A loan default — failing to keep up with federal student-loan payments — is one of the worst financial outcomes a borrower can face. The official Department of Education two-year default rate for OHCC follows.

MetricValue
2-year cohort default rate1.6%
Borrowers in the cohort60

The cohort default rate tracks borrowers who entered repayment in a given year and defaulted within the two-year measurement window.

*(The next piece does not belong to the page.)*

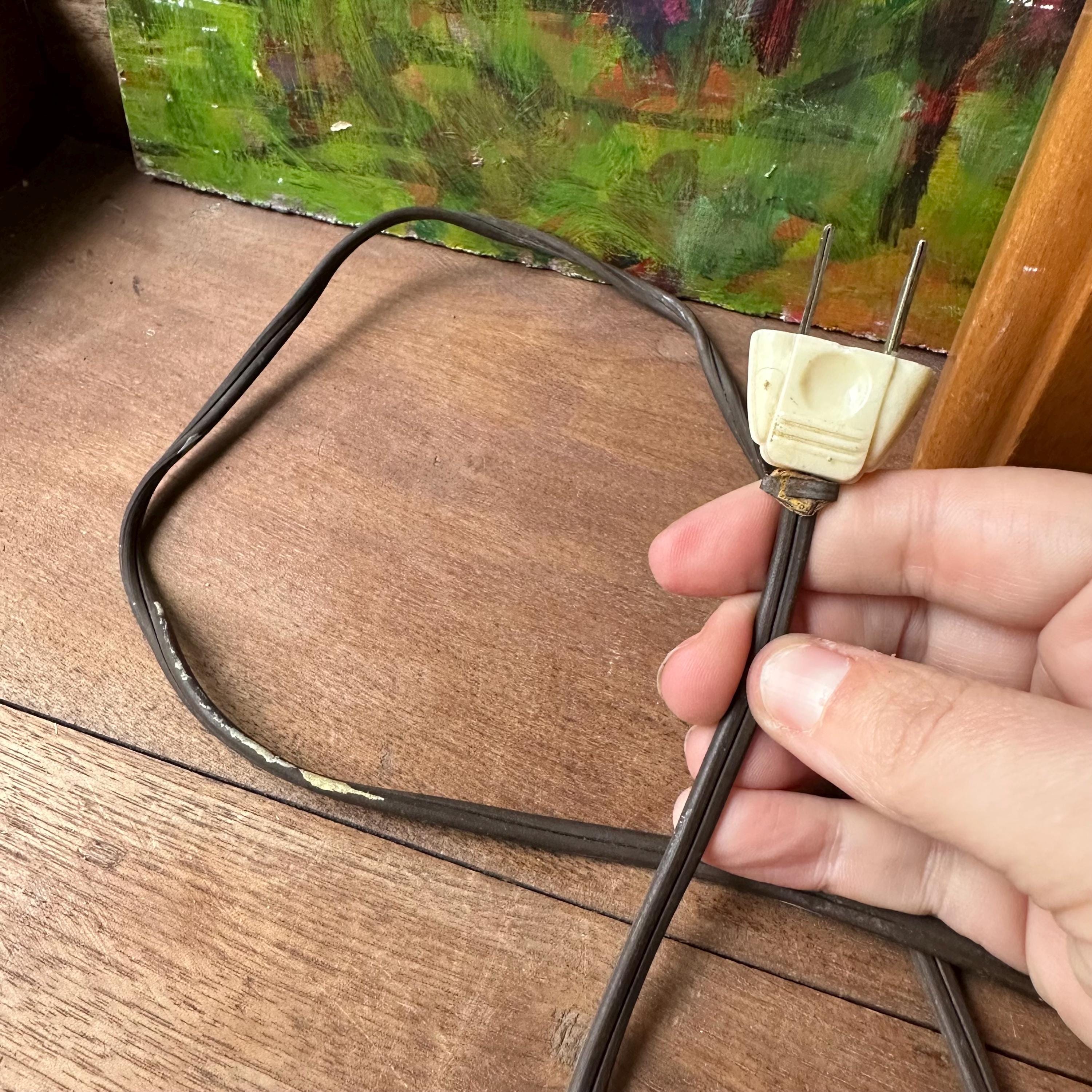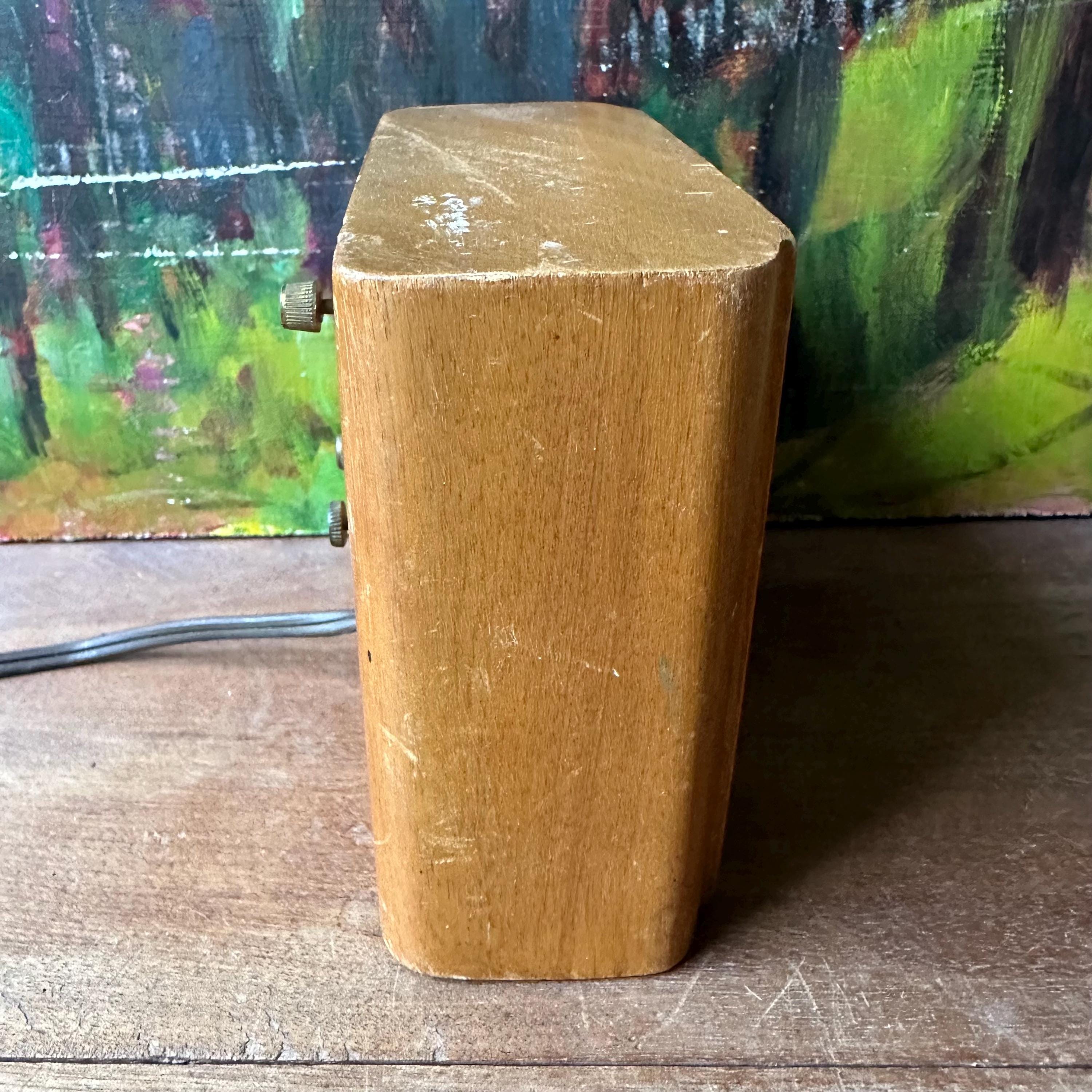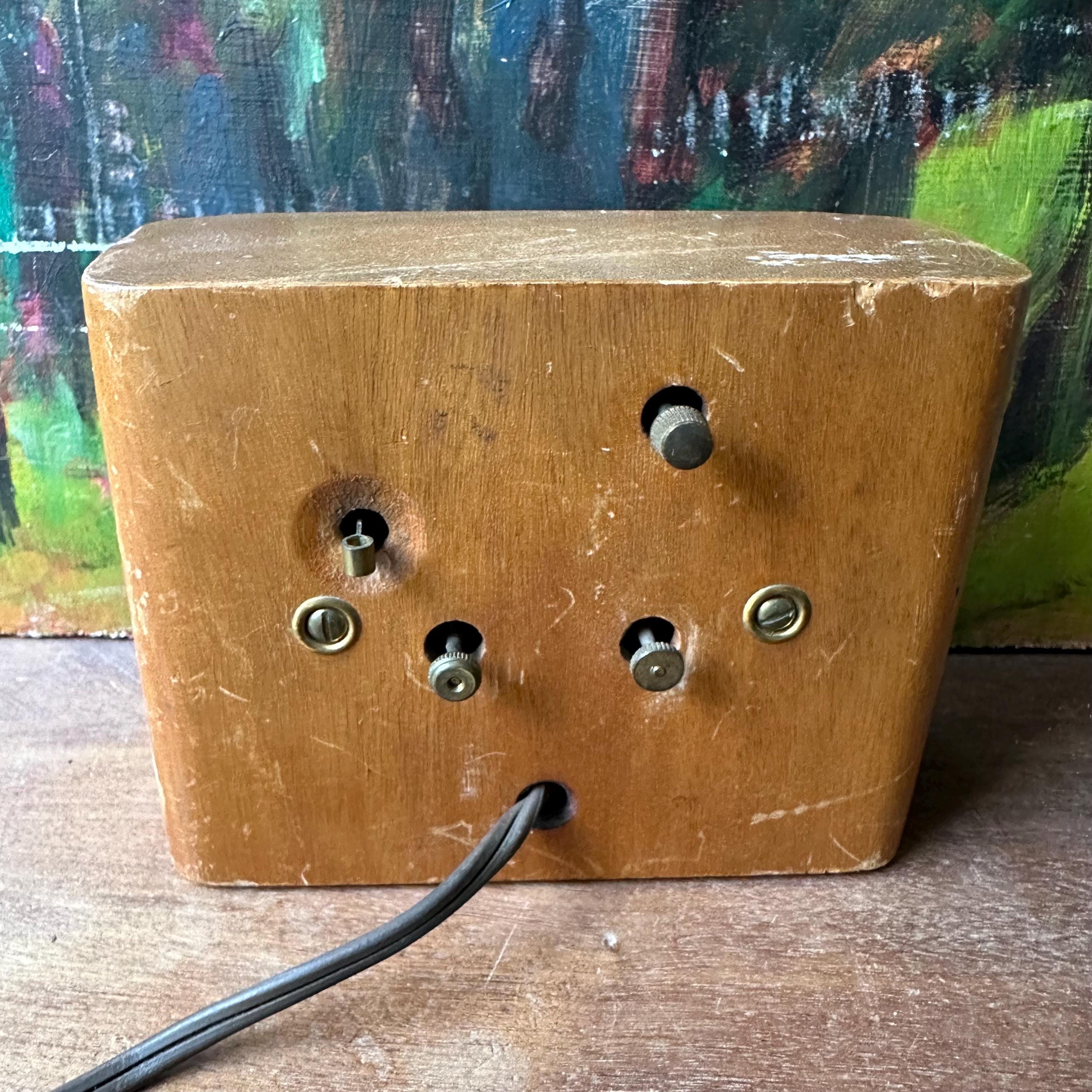 The clock is good condition for its age and use. Altho. The clock does work when plugged in, but for safety reasons, we recommend changing the plug out as this one is from the 1960s! The wood case some scratches with small chips. There is a larger area of shallow gouging to the top of the clock. The clock face glass is still clear. The clock face has some discoloration where it is starting to rust. There is writing and a date on the bottom 2-4-66-M SNFY.
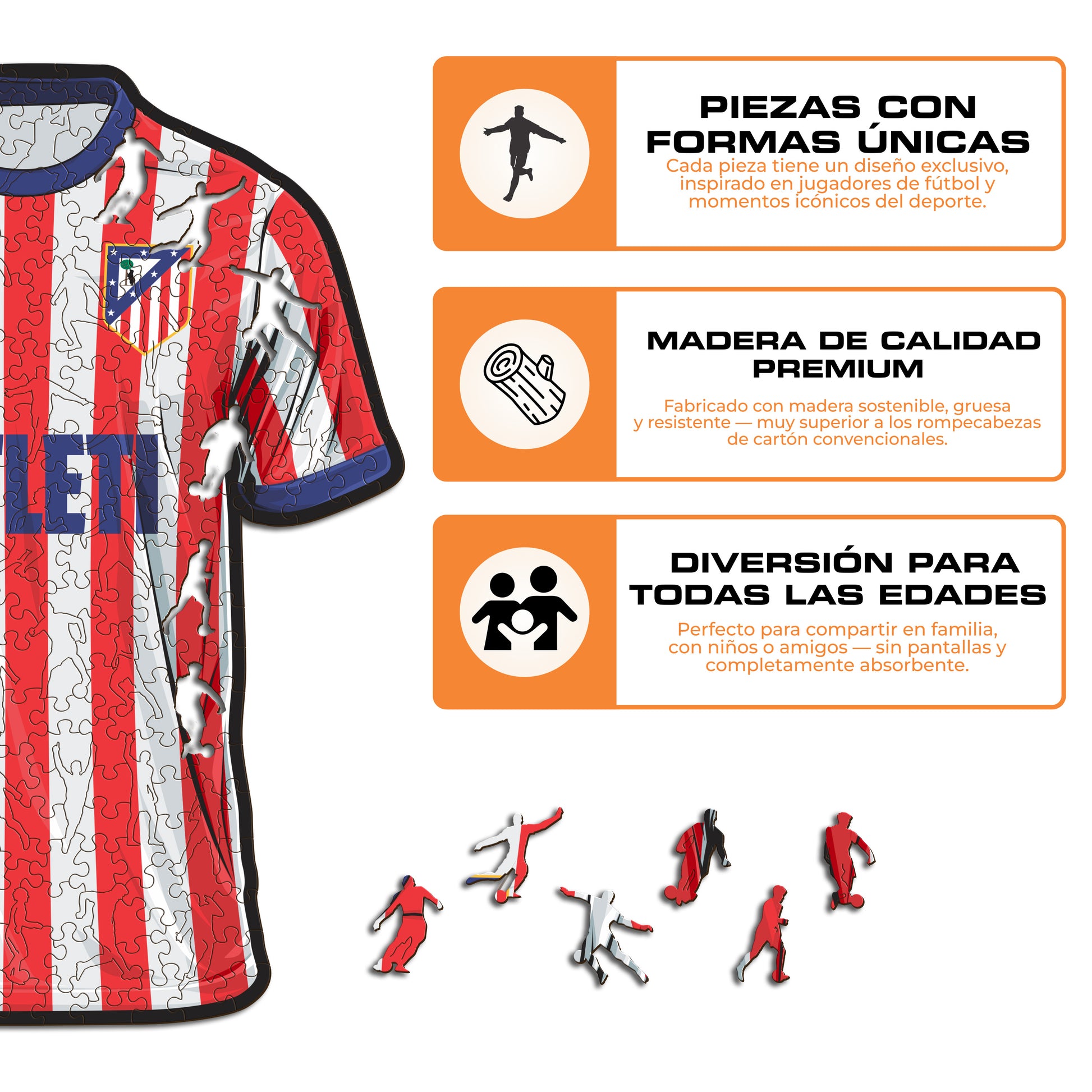 ✓ 1x Rompecabezas de Madera Oficiales: Atlético de Madrid® Camiseta

Median Debt by Student Group at Oak Hills Christian College

Median debt differs by income tier, first-generation status, and whether the student is financially dependent.

Borrowing by Income Tier

Income tierMedian federal debt
Low income$10,500

By First-Generation Status

CohortMedian federal debt
First-generation students$9,500
Continuing-generation students$9,236

By Dependency Status

CohortMedian federal debt
Dependent students$5,500
Independent students$12,500

Debt Equity Indicators at Oak Hills Christian College

The Department of Education computes gap indicators that show how borrowing differs between student groups at OHCC.

Student Loan Basics

Subsidized and Unsubsidized Loans

With an unsubsidized loan, interest starts adding up the day the loan is disbursed, including during school. Subsidized loans, by contrast, do not accrue interest while you are enrolled at least half-time, which makes them the less expensive option when you qualify.

Important to Remember

Declaring bankruptcy does not erase federal student loan debt. If you stop paying, the federal government can garnish a portion of your wages until the loans are repaid.

References

More about our data sources and methodologies.